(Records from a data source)
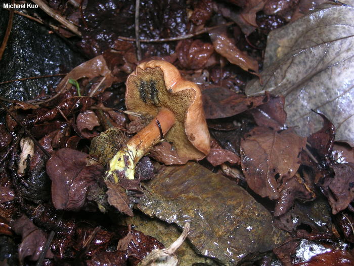 Chalciporus piperatoides [ Basidiomycota > Boletales > Boletaceae > Chalciporus . . . ] by Michael Kuo Similar to the better known Chalciporus piperatus, Chalciporus piperatoides is also a drab, pinkish tan bolete with a reddish pore surface, yellow basal mycelium and a peppery to bitter taste. Unlike its cousin, however, Chalciporus piperatoides bruises blue, and features an olive (rather than brown) spore print. Microscopic differences include smaller spores for Chaliciporus piperatoides, along with a faint greenish-blue reaction of the tubes to Melzer's reagent. Chalciporus piperatoides was originally described from an oak forest in Michigan, and is apparently widely distributed in North America and associated with a wide variety of trees--although this may be an indication that several cryptic species are actually involved. Boletus piperatoides and Suillus piperatoides are synonyms. Description: Ecology: Mycorrhizal with hardwoods and conifers; growing alone, scattered, or gregariously; summer and fall (also over winter along the West Coast); possibly widely distributed, but more common in northern and montane areas. Cap: 3-8 cm; convex or slightly conic, becoming broadly convex; sticky when fresh, but soon dry; bald or very finely velvety when young; shiny; dull red to reddish brown or dull pinkish tan, fading to tan. Pore Surface: Dull brownish orange to dull reddish; bruising blue, then slowly resolving to dark reddish brown; 1-2 pores per mm near the margin and when young, becoming larger and irregular to angular near the stem and with age; tubes to 5 mm deep. Stem: 4-8 cm long; 0.5-1.5 cm thick; more or less equal; dry; colored like the cap; bald; base with bright to dull yellow mycelium. Flesh: Yellowish in the cap; brighter yellow in the stem; bluing erratically when sliced, or not bluing. Odor and Taste: Odor not distinctive; taste strongly peppery or bitter. Chemical Reactions: Ammonia reddish brown on cap surface; brownish on flesh. KOH black on cap surface; brown on flesh. Iron salts negative on cap surface; negative on flesh. Spore Print: Olive. Microscopic Features: Spores 6-8 x 2.5-3.5 µ; smooth; subfusoid; yellowish in KOH. Hymenial cystidia fusoid to fusoid-ventricose; to about 75 x 12 µ. Trama of tubes faintly and erratically greenish-amyloid when dried specimens are studied. Pileipellis a tangled layer of cylindric elements 6-12 µ wide; terminal elements with rounded to subacute apices; hyaline to yellowish. REFERENCES: (Smith & Thiers, 1971) Baroni & Both, 1991. (Smith & Thiers, 1971; Smith, Smith & Weber, 1981; Baroni & Both, 1991; Both, 1993; Bessette, Roody & Bessette, 2000; Roody, 2003; McNeil, 2006.) Herb. Kuo 07171007, 07111203. This site contains no information about the edibility or toxicity of mushrooms. |
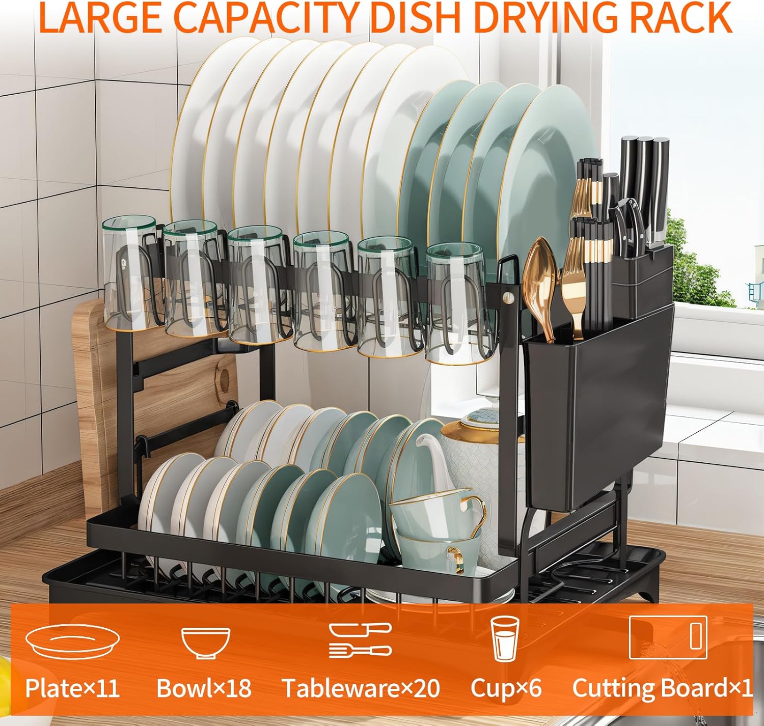 - Large-capacity Storage: The dish drainer rack has 2 layers of drain racks, which can store about 11 dishes and 18 bowls. There are cutlery racks and cup racks on both sides of the dish drying rack, which can also be used to store forks and spoons, place cups and cutting boards.
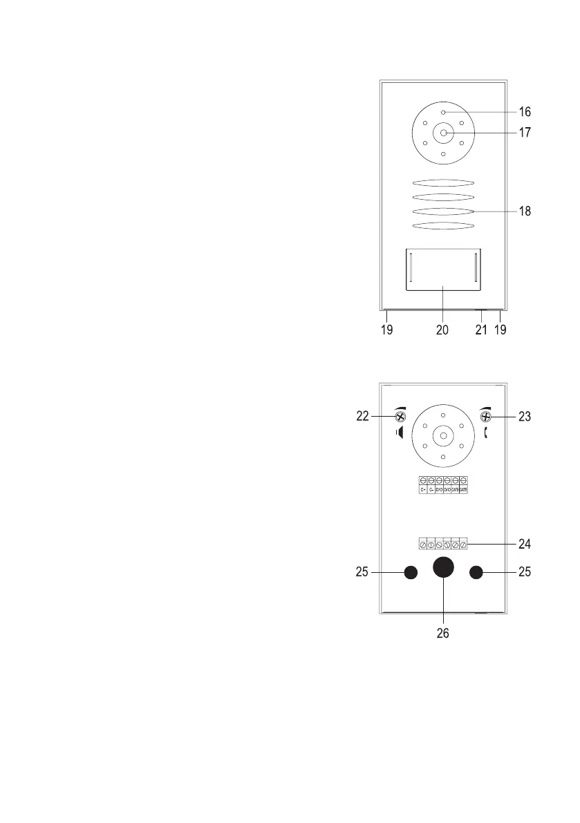Après le retrait de la façade (dévissez les deux vis (19) puis déboîtez la façade), vous avez accès aux éléments de
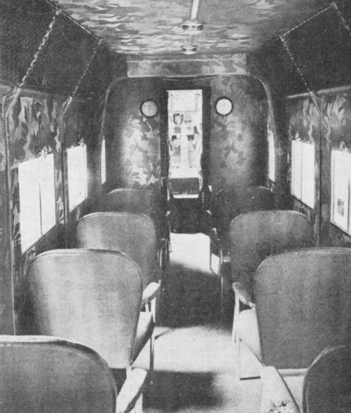 El piloto y el copiloto se sentaban uno junto al otro, con doble control, en una cabina cerrada justo por delante del borde de ataque, con ventanas a ambos lados del fuselaje para visión lateral y descendente. El acceso a la amplia cabina de pasajeros, de 4,60 m de largo, se realizaba a través de un compartimento de radio. La cabina tenía capacidad para diez pasajeros, cinco a cada lado con su propia ventana. En la parte trasera se encontraban los espacios para equipaje y los baños. Los pasajeros entraban por una puerta a babor y el equipaje se cargaba por una puerta al otro lado.
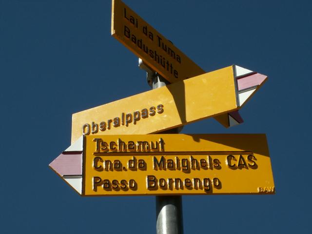 Wegweiser bei der Maighels Hütte Datum 16.10.2007
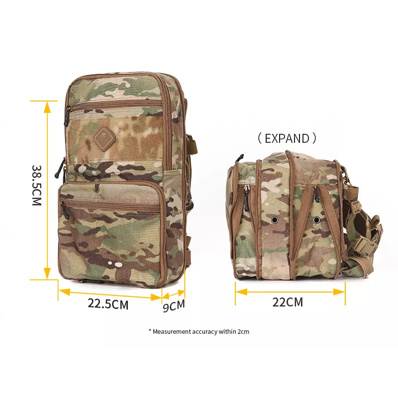 Emersongear D3 Multi-purposed Bag is made of military regulations Cordura 500D nylon, which is durable, abrasion resistance and water repellent. The bag can be used as a small backpack independently, or it can be matched with a special D3CR chest strap to replace the original chest strap as a water bag backpack, so that D3CR can be fully stored when it is stored. The most ingenious part of the bag design is that the expansion zippers are set on each compartment on the package, which is very practical when space is in urgent need.
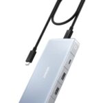Anker 575 USB-Cハブは、12-in-1機能で、Dual HDMI、DP、最大100W USB PD対応。3画面出力、4K HDMI、10Gbpsデータ転送、SD/microSDスロット、イーサネットポートなどが搭載されています。
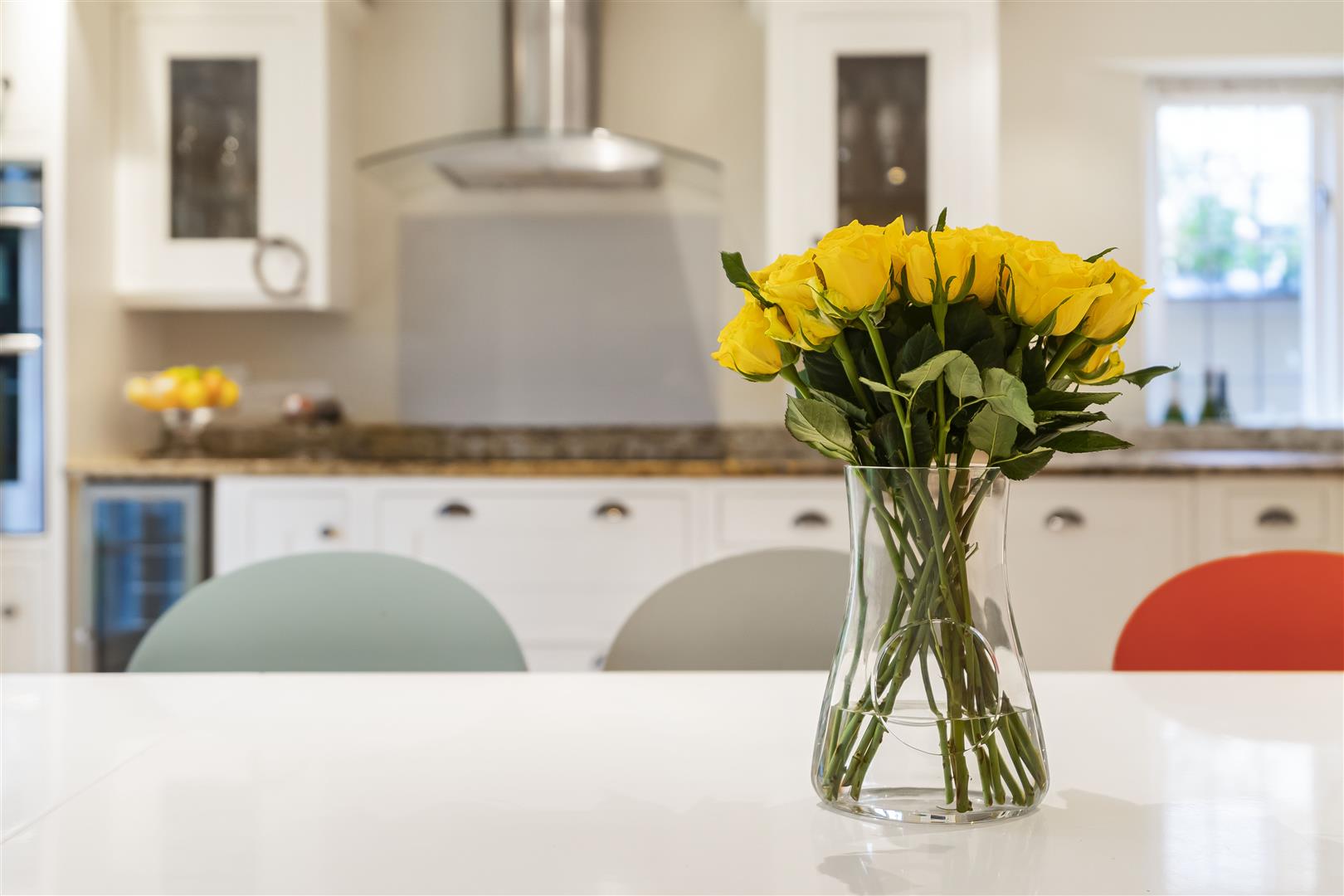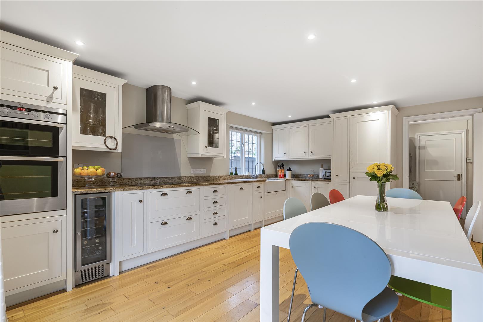 The kitchen/dining room is fitted with a generous number of units and integrated appliances, complemented by granite worksurfaces and wooden flooring.

# The task:
Please write out, word for word, only the lines from the one holding "Emersongear D3 Multi-purposed" through the end of the records above, with both end lines included and the pictures dropped.

# Written answer:
 Emersongear D3 Multi-purposed Bag is made of military regulations Cordura 500D nylon, which is durable, abrasion resistance and water repellent. The bag can be used as a small backpack independently, or it can be matched with a special D3CR chest strap to replace the original chest strap as a water bag backpack, so that D3CR can be fully stored when it is stored. The most ingenious part of the bag design is that the expansion zippers are set on each compartment on the package, which is very practical when space is in urgent need.
Anker 575 USB-Cハブは、12-in-1機能で、Dual HDMI、DP、最大100W USB PD対応。3画面出力、4K HDMI、10Gbpsデータ転送、SD/microSDスロット、イーサネットポートなどが搭載されています。
 The kitchen/dining room is fitted with a generous number of units and integrated appliances, complemented by granite worksurfaces and wooden flooring.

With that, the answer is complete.